[Opening DATA FOR THIS EXERCISE section]
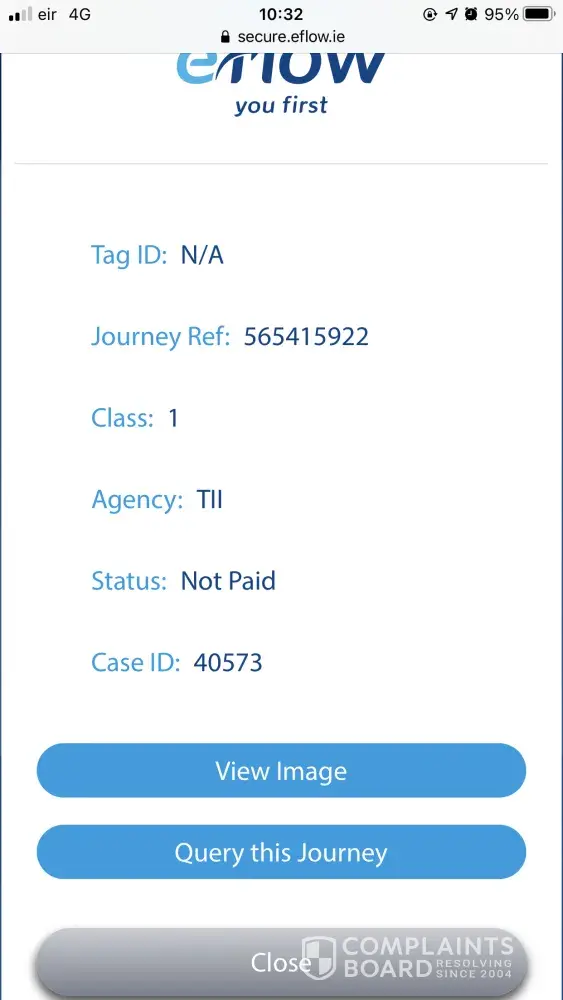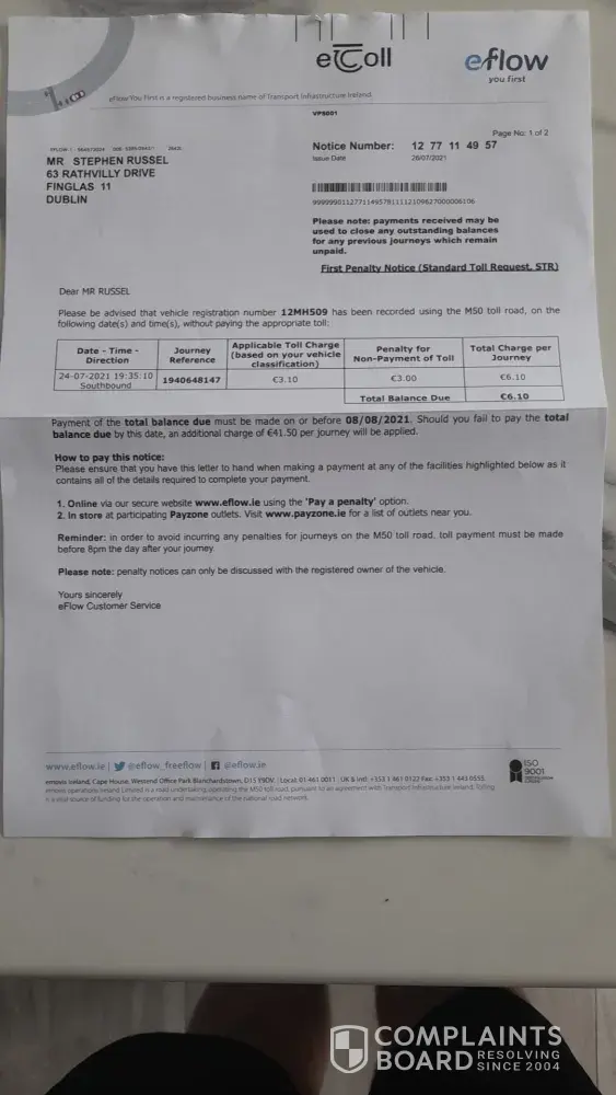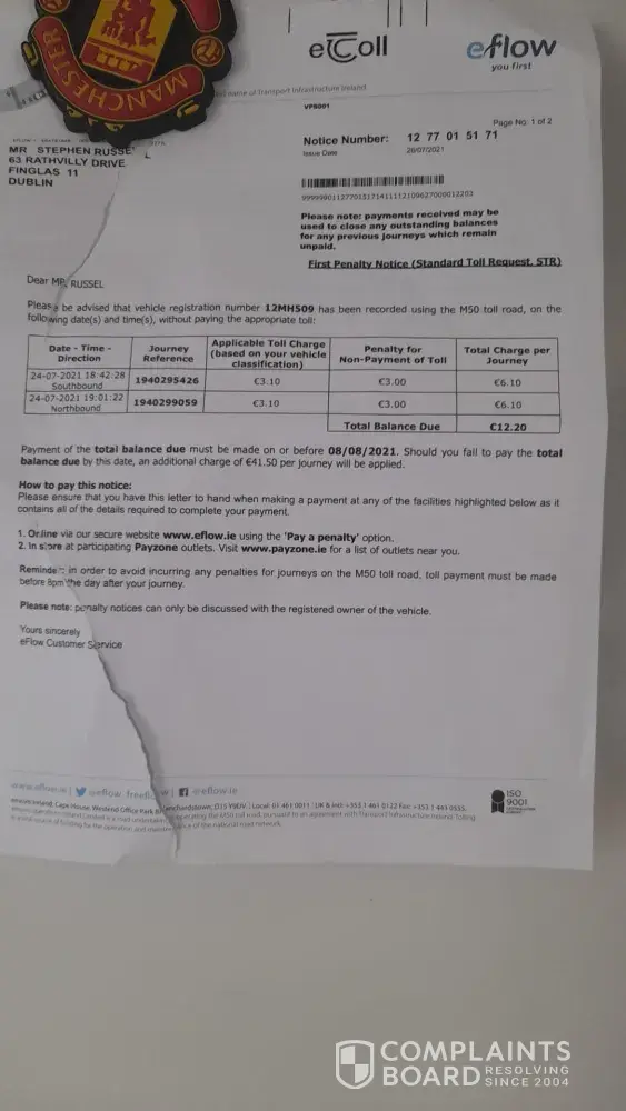 I had the worst experience I have ever had with the resolver team in eflow. I had checked my app one day to pay a toll and nearly had a heart attack when I realised there was fees of €288 outstanding. I had clicked into the fees and said multiple trips had gone unpaid. Funnily enough i had proof of payment for all bar one (which I had paid in shop but didn't keep the receipt). I called the customer service department and was put through to a Ryan. Ryan firstly became extremely aggressive towards me and basically called me a liar. I had then asked to be put through to a manager as I was shocked at being spoken to like that. When I addressed the agents manor to the "manager" he said he listened to the call and thought his tone was appropriate. Over the course of this week I had rang three or four times and each time was greeted with a rude and unhelpful agent. What's funny about this situation is I am one of the ones who pays their tolls and has never had an issue like this before so I am shocked at this businesses stance on customer service. I then researched complaints and realised all the people I had been dealing with ie Graham Ryan etc and were also aggressive towards other customers which seems to be to get a rise out of them so they don't have to offer the 50% reduction on fees. What a business model. After I read the reviews I realised I was fighting a losing battle so I gave in and paid half €144. This is extortionate and an investigation needs to be done here. I have paid all my tolls but was penalised because I didn't have the physical receipt.
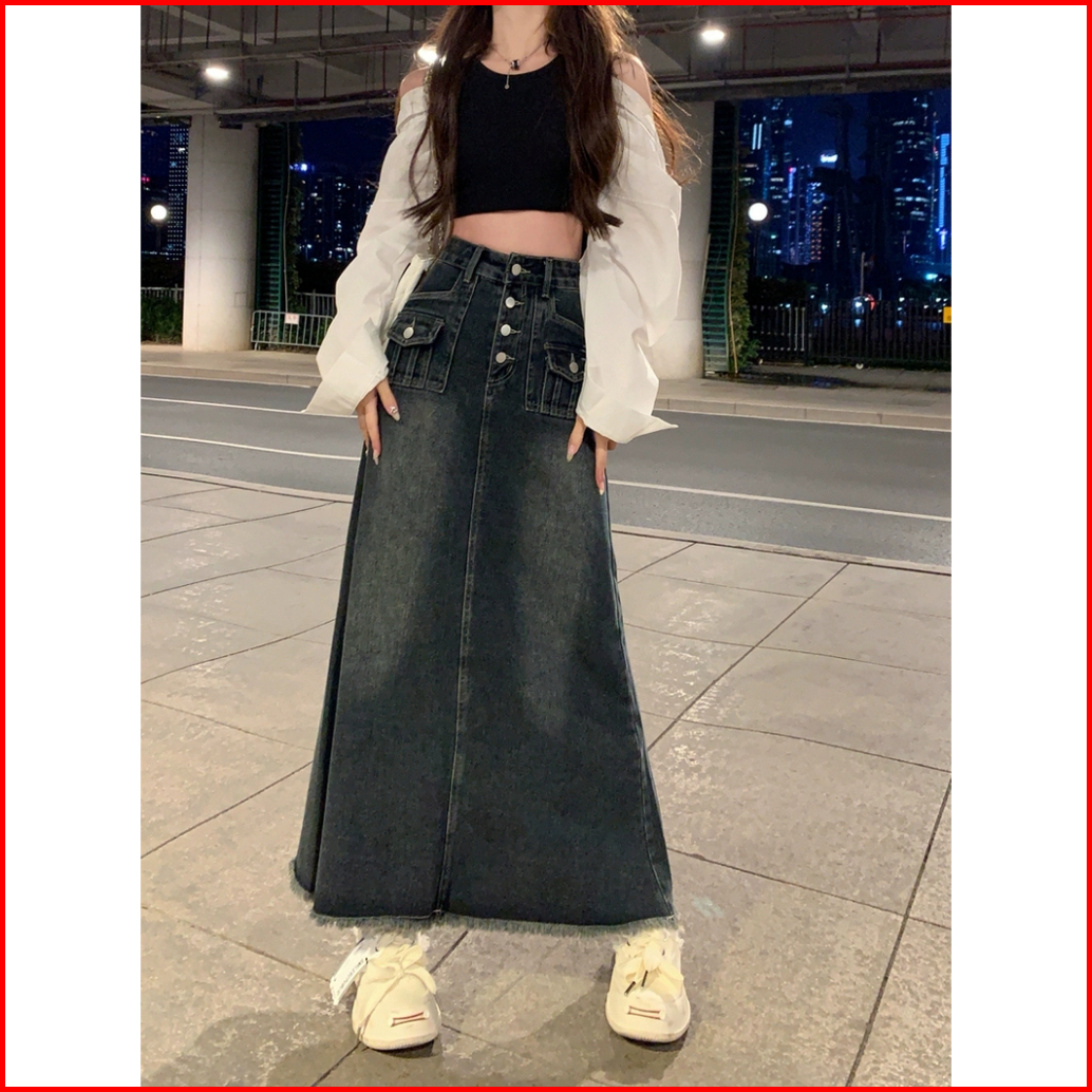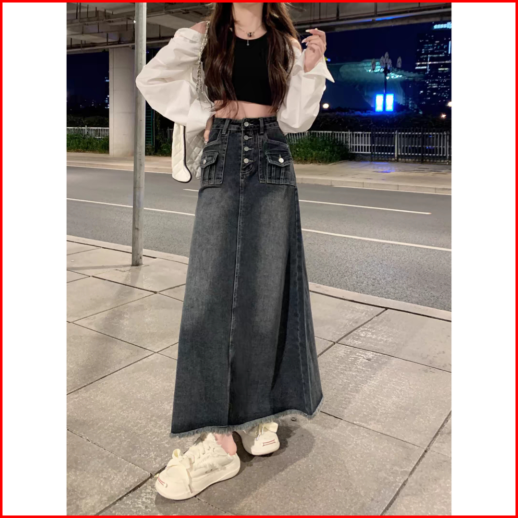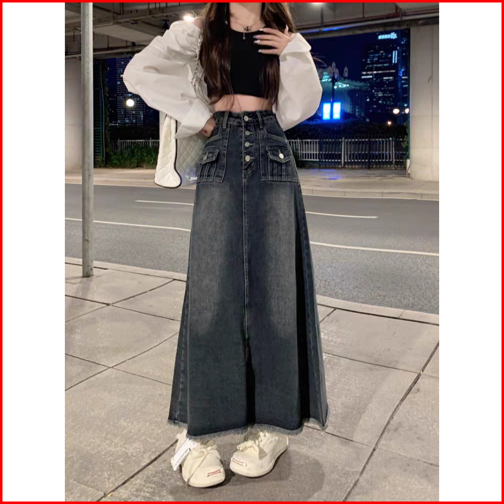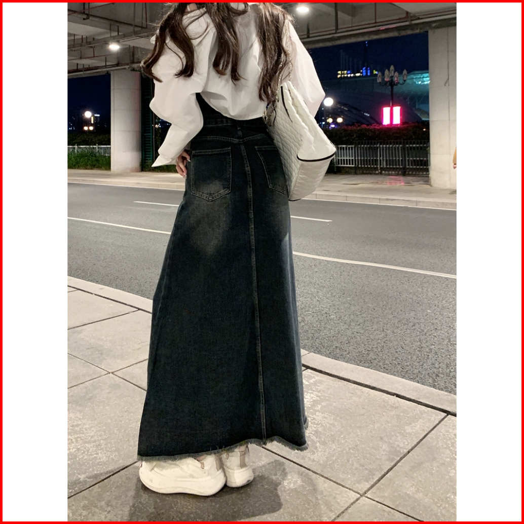 Rok Korean Style Panjang High Waist Slit A-line Skirt Rok Jeans Panjang
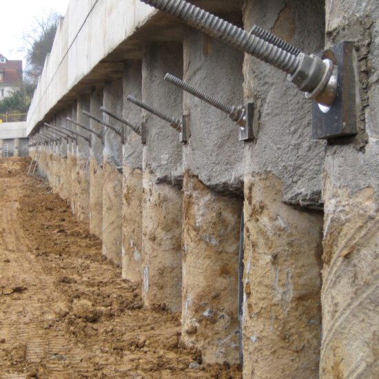 Anchors are a cost-effective solution for securing various types of retaining walls, temporary excavation shoring, and permanent slope stabilization, including retaining structures tailored to specific structural conditions. TITAN micropiles, used as tension piles in accordance with DIN EN 14199, have proven to be economical alternatives to permanently prestressed ground anchors under DIN EN 1537.
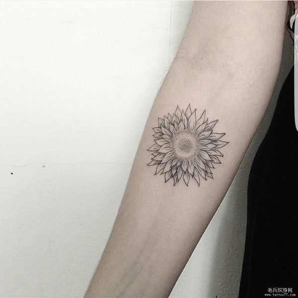 小臂花卉点刺线条小清新纹身图案
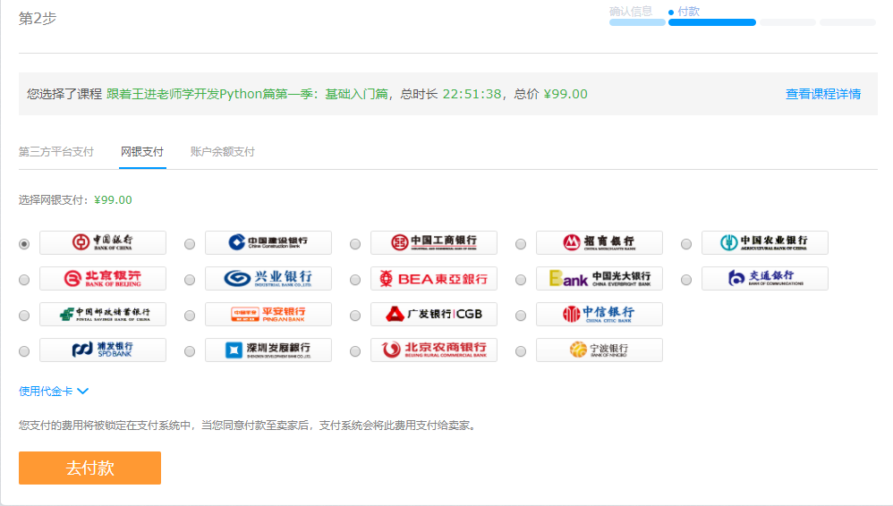 您可以選擇微信,支付寶或者網(wǎng)銀支付
[Closing DATA FOR THIS EXERCISE section]
→ WORK TO COMPLETE: With the pictures removed, write the listing out word for word.

→ SOLUTION FOR THIS EXERCISE:
 I had the worst experience I have ever had with the resolver team in eflow. I had checked my app one day to pay a toll and nearly had a heart attack when I realised there was fees of €288 outstanding. I had clicked into the fees and said multiple trips had gone unpaid. Funnily enough i had proof of payment for all bar one (which I had paid in shop but didn't keep the receipt). I called the customer service department and was put through to a Ryan. Ryan firstly became extremely aggressive towards me and basically called me a liar. I had then asked to be put through to a manager as I was shocked at being spoken to like that. When I addressed the agents manor to the "manager" he said he listened to the call and thought his tone was appropriate. Over the course of this week I had rang three or four times and each time was greeted with a rude and unhelpful agent. What's funny about this situation is I am one of the ones who pays their tolls and has never had an issue like this before so I am shocked at this businesses stance on customer service. I then researched complaints and realised all the people I had been dealing with ie Graham Ryan etc and were also aggressive towards other customers which seems to be to get a rise out of them so they don't have to offer the 50% reduction on fees. What a business model. After I read the reviews I realised I was fighting a losing battle so I gave in and paid half €144. This is extortionate and an investigation needs to be done here. I have paid all my tolls but was penalised because I didn't have the physical receipt.
 Rok Korean Style Panjang High Waist Slit A-line Skirt Rok Jeans Panjang
 Anchors are a cost-effective solution for securing various types of retaining walls, temporary excavation shoring, and permanent slope stabilization, including retaining structures tailored to specific structural conditions. TITAN micropiles, used as tension piles in accordance with DIN EN 14199, have proven to be economical alternatives to permanently prestressed ground anchors under DIN EN 1537.
 小臂花卉点刺线条小清新纹身图案
 您可以選擇微信,支付寶或者網(wǎng)銀支付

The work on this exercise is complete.